Assessment of photography:

  • Interpretation and communication of the theme is important. Candidates should be able to compose and establish relationships between images.
  • The work must reflect a high degree of originality and strong creative qualities. It should read as fine art, therefore conceptualisation in the sourcebook is essential.
  • Images must relate to one another and the theme. No random selection.
  • Formal elements and principles.
  • Photography may be combined with other media.
  • Consider presentation of your photographs.


  • Installations break away from traditional painting and sculpture by creating three-dimensional spaces that viewers can enter and be surrounded by an artist's processes and visions. An environment is created by arranging objects in space, and environments that change or enhance the space itself.
    It should be in line with contemporary developments in fine art practices.
  • Two and three-dimensional elements within an environment.
  • Candidates may use ready-mades.
  • Viewer interaction with space is important.
  • Sensitivity to viewer reception and interaction on multiple sensory levels.
  • Installation artworks must be resolved fully, both technically and conceptually. There should be extensive research and concept development in the sourcebook to justify the artwork.

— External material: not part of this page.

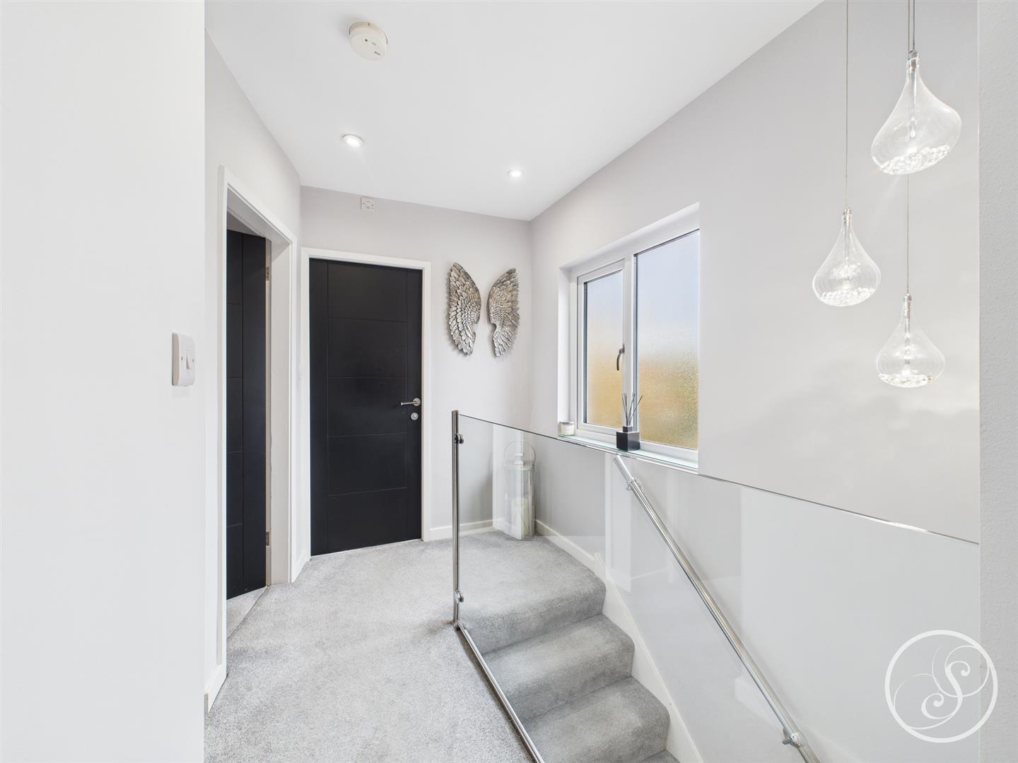 External - To the front of the property is an enclosed, low maintenance garden accessed via the open plan living space. To the rear is a tiered garden with raised patio seating area. A resin driveway for 2 cars leads up to the detached garage with manual up and over door.

  • Performance pieces must be planned, documented and rehearsed thoroughly.
  • Make drawings throughout the process of conceptualising the performance.
  • Document the performance photographically, videographically and with drawings and words.
  • Pay careful attention to the subtle differences between Performance Art as Visual Art and Performance Art as Dramatic Art.
  • For the final examination the documentation of the performance will be assessed and not the actual performance due to the nature of the examination and moderation process.